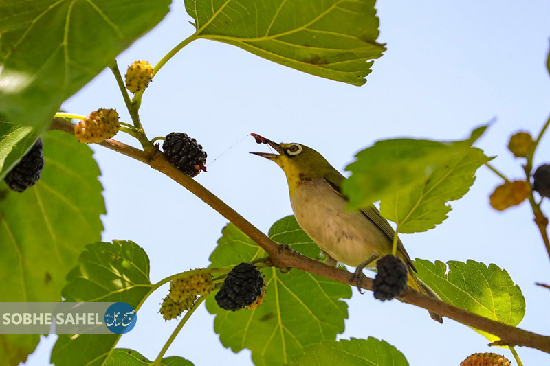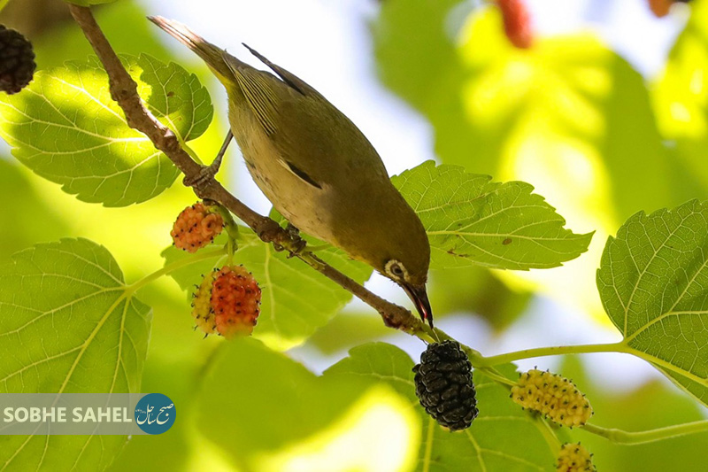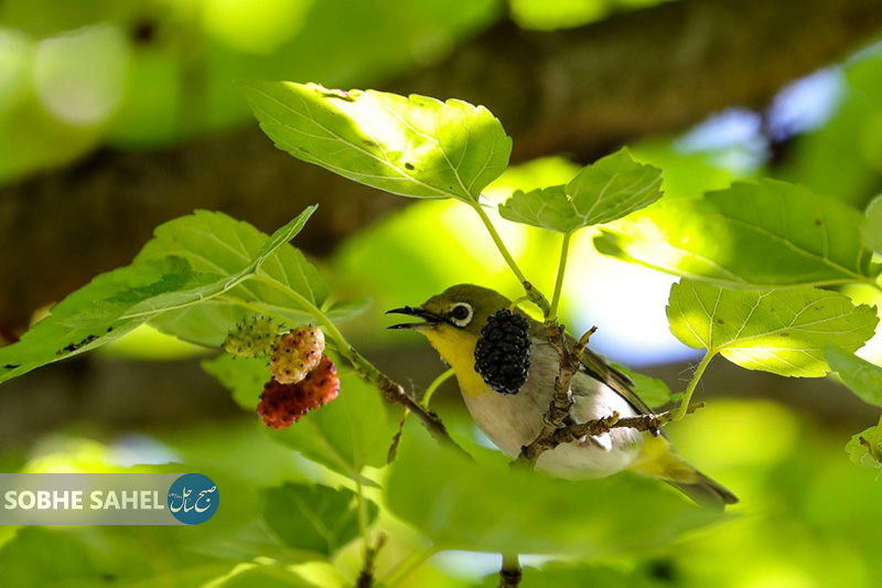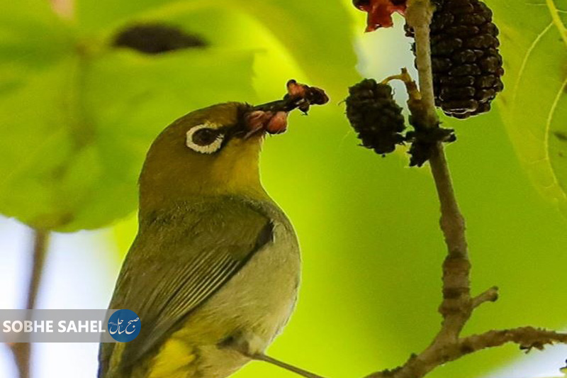 پرندهای معروف به "چشم سفید" در حال خوردن توت سیاه معروف یا سردرخته. این تصاویر در ژیژانگ چین ثبت شده است. سردرخته از گیاهانی است که در هرمزگان نیز رشد می کند. منبع عکس: china media
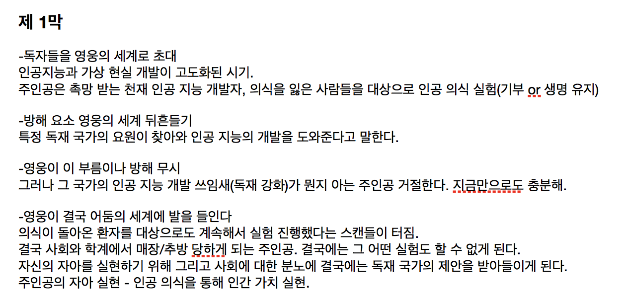 최근에 쓴 초신성이라는 소설의 1막 부분 구성이다. 일단 짧게 한 두 문장 정도로 플롯에 상상을 채워 넣었다. 그냥 자기만 알아볼 수 있는 수준으로 짧게 정리하면 된다.
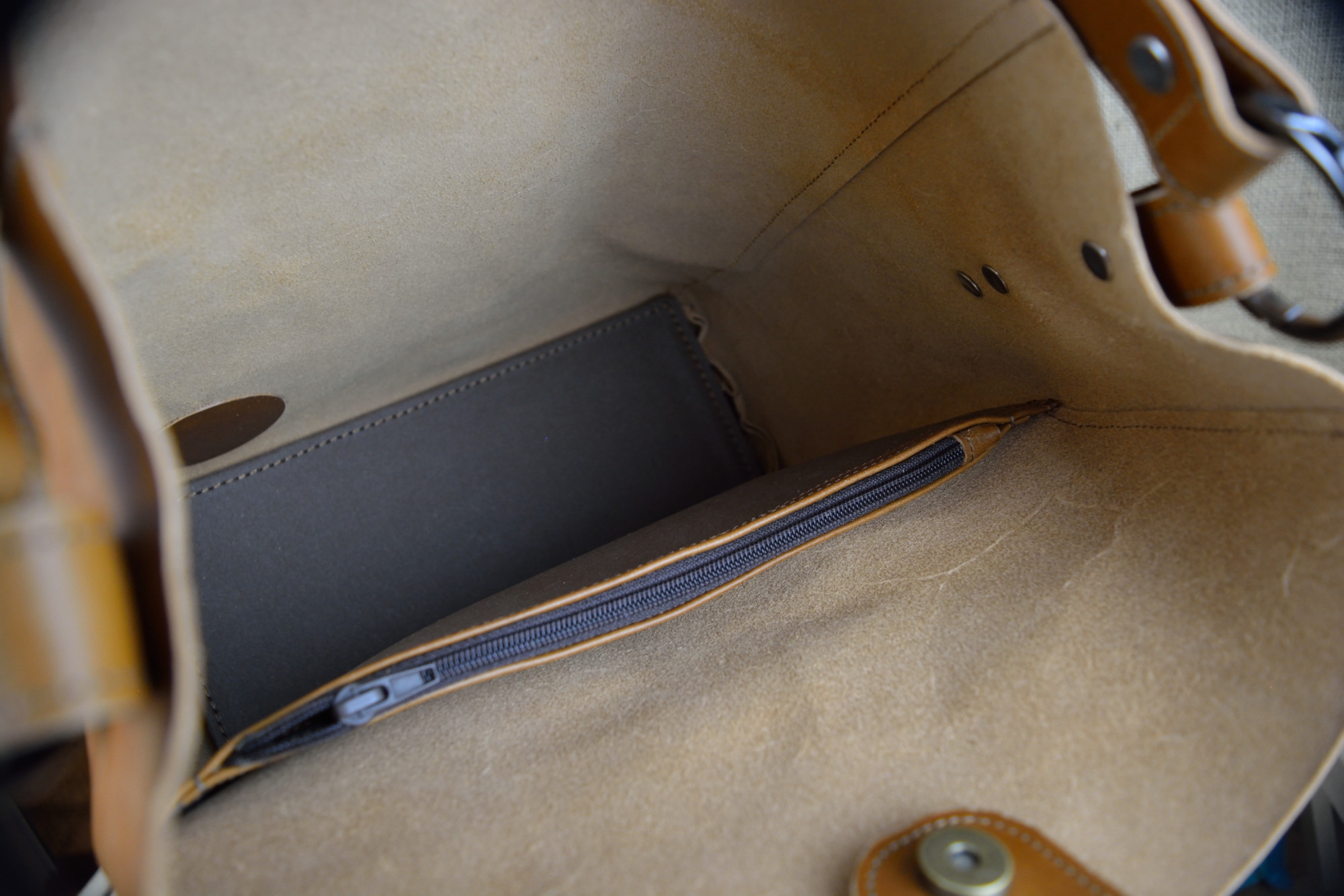 Vnitřek kabelky je navržen tak, aby v něm bylo možné pohodlně nosit dokumenty ve formátu A4.

### Exercise instructions
Find the line containing "최근에 쓴 초신성이라는" in the listing above. Restate it and every line after it, word for word, through the final line, leaving out the pictures.

### Your solution
 최근에 쓴 초신성이라는 소설의 1막 부분 구성이다. 일단 짧게 한 두 문장 정도로 플롯에 상상을 채워 넣었다. 그냥 자기만 알아볼 수 있는 수준으로 짧게 정리하면 된다.
 Vnitřek kabelky je navržen tak, aby v něm bylo možné pohodlně nosit dokumenty ve formátu A4.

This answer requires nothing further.